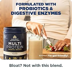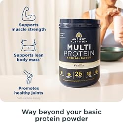 Ancient Nutrition Multi Protein Animal Based Powder, 26g Protein, Grass Fed Whey, Bone Broth, Collagen Peptides, Colostrum & Probiotics, Supports Joint & Gut Health, Vanilla, 15 Servings
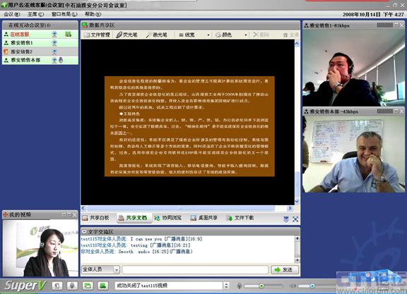 CTI論壇(ctiforum)05月19日消息: 自08年攜手視維Super-V視頻會議以來,中石油雅安分公司銷售部的日常工作會議高效及時地開展,尤其是在5.12四川大地震后,工作不但沒有中斷,而且足不出戶就可以給上級領(lǐng)導(dǎo)匯報工作,與同事交流營銷心得。而在以前,只能通過電話或者郵件,甚至長途跋涉聚集到一個地方舉行會議,既浪費(fèi)時間又增加營銷成本。這是繼中國重汽、新加坡協(xié)美集團(tuán)等跨國集團(tuán)公司倡導(dǎo)信息時代新營銷主義,實現(xiàn)高效運(yùn)營的又一典型案例應(yīng)用。
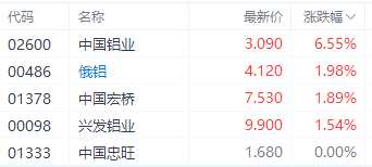 在鋁金屬股中,中國鋁業(yè)(02600.HK)、中國宏橋(01378.HK)、俄鋁(00486.HK)分別上漲6.55%、1.89%、1.98%。

_WORK REQUIRED:_ Your copy must begin at the line containing "CTI論壇(ctiforum" and end at the last line of the material above. Reproduce each line exactly, but not the pictures.

_ANSWER SECTION:_
 CTI論壇(ctiforum)05月19日消息: 自08年攜手視維Super-V視頻會議以來,中石油雅安分公司銷售部的日常工作會議高效及時地開展,尤其是在5.12四川大地震后,工作不但沒有中斷,而且足不出戶就可以給上級領(lǐng)導(dǎo)匯報工作,與同事交流營銷心得。而在以前,只能通過電話或者郵件,甚至長途跋涉聚集到一個地方舉行會議,既浪費(fèi)時間又增加營銷成本。這是繼中國重汽、新加坡協(xié)美集團(tuán)等跨國集團(tuán)公司倡導(dǎo)信息時代新營銷主義,實現(xiàn)高效運(yùn)營的又一典型案例應(yīng)用。
 在鋁金屬股中,中國鋁業(yè)(02600.HK)、中國宏橋(01378.HK)、俄鋁(00486.HK)分別上漲6.55%、1.89%、1.98%。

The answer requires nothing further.